IF YOU live in Wales but outside Cardiff then you probably think that the capital city gets more than its fair share of everything. It holds most of the political power, what passes for civil society in Wales is rooted here, it gets a disproportionate amount of investment, and it’s richer than most of the country.
But step away from the parochial framing and it becomes obvious that Cardiff has been let down by 12 years of Tory rule at Westminster just as much as everywhere else in Wales.
Whether you’re looking at job quality, incomes, childcare, housing or transport - austerity and the endless squeeze on public budgets have progressively chipped away at the city’s ability to provide the most basic building blocks of a good life.
It’s far too easy to be tricked by Cardiff. The city is dotted with shiny architecture – the Blair-era landmarks in the Bay, the new BBC headquarters and assorted towering office blocks of Central Square, and the coldly impressive facilities that the universities have ploughed tens of millions of pounds into while simultaneously running their staff’s working conditions into the ground.
But what’s the reality?
The reality is that workers in Cardiff are earning less in real terms than they were in 2009. And there is no prospect of that situation improving. Even the most optimistic forecaster would now accept that we’re looking at two lost decades when it comes to incomes and living standards.
The reality is that the city’s own regional economic development quango advertises it to investors on the basis that companies can get away with paying their workers here less than they would have to elsewhere.
And the reality is that use of Cardiff’s foodbanks has rocketed over the last decade and – as Unison Cymru/Wales’s new research shows — workers here are now turning to second jobs, to pawning possessions and even to gambling in order to try and make ends meet as we head into the winter.
Cardiff remains a profoundly unequal city where the gaps in life expectancy between the rich and the poor wards are staggering – over a decade difference in some cases.
This inequality is being compounded by the deeply unhealthy developments in the housing market over the last 30 years. Stagnant wages and fast-rising house prices have locked tens of thousands of young people out of home ownership and have left them at the mercy of landlords and agents in the private rental sector. Unsurprisingly rents are now shooting up and the situation is swiftly moving towards making the city unaffordable for many.
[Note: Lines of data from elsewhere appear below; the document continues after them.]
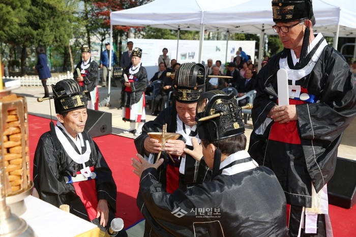 최근 서울 동망봉 숭인근린공원에서 실시된 ‘단종비 정순왕후 추모문화제에 참석한 종로구의회 의원들이 전통 궁중제례 의식에 따른 추모제례에서 술을 올리고 있다.
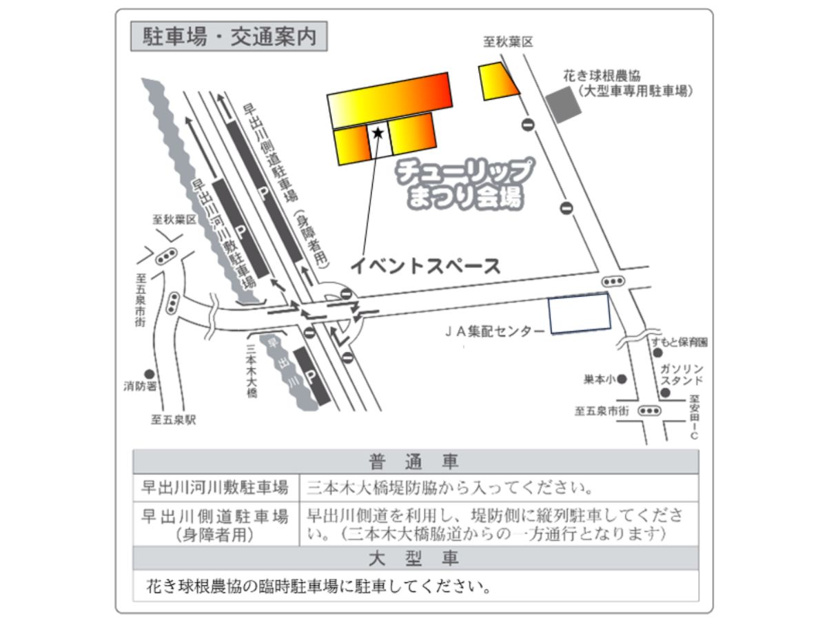 駐車場は「早出川河川敷駐車場(普通車用)/早出川側道駐車場(身障者用)」と「新潟県花卉球根農業協同組合(大型車用)」が利用できますよ♪
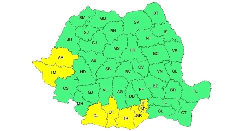 ANM: ATENȚIONĂRI COD GALBEN DE INSTABILITATE TERMICĂ ACCENTUATĂ

The dysfunction in housing is matched by the dysfunction in the city’s transport networks. In almost any other similar-sized city in Europe there would be a functioning and efficient mass transport network.
Instead we have a city that has been starved of proper investment in its infrastructure, that has a barely coherent patchwork of public transport services and whose dependence on the car brings it to a regular standstill.
Ultimately the culpability for this situation rests at Westminster and a UK government that now seems to determined to pursue a Thatcherite agenda to the bitter end – regardless of the cost.
The public has seen the damage accumulate and they’ve now witnessed the recklessness with which Truss and Kwarteng are setting about their new jobs.
You can’t rebuild a failing economy by cutting benefits, handing out millions in tax breaks to your donor class, and slashing workers’ rights.
We need:
- Fair funding for Wales– funding that properly reflects the pressures that our public services are confronting.
- A plan to get pay rising for everyone with a higher minimum wage at £15 per hour and new rights for unions to set minimum pay and conditions across the economy.
- Long overdue fair funding for capital investment in Wales so that we can build the modern, green infrastructure that the country needs to drive up living standards.
- A plan to bring forward the uprating of benefits at least in line with inflation to ensure that people are getting the money they need in their pockets now and not having to wait until April next year.
We’re bringing together trade unionists in Cardiff this week and all over Wales in the coming weeks to send back the clear message that if politicians and bosses won’t respond to the cost of living crisis in front of them then they shouldn’t be surprised when workers take action.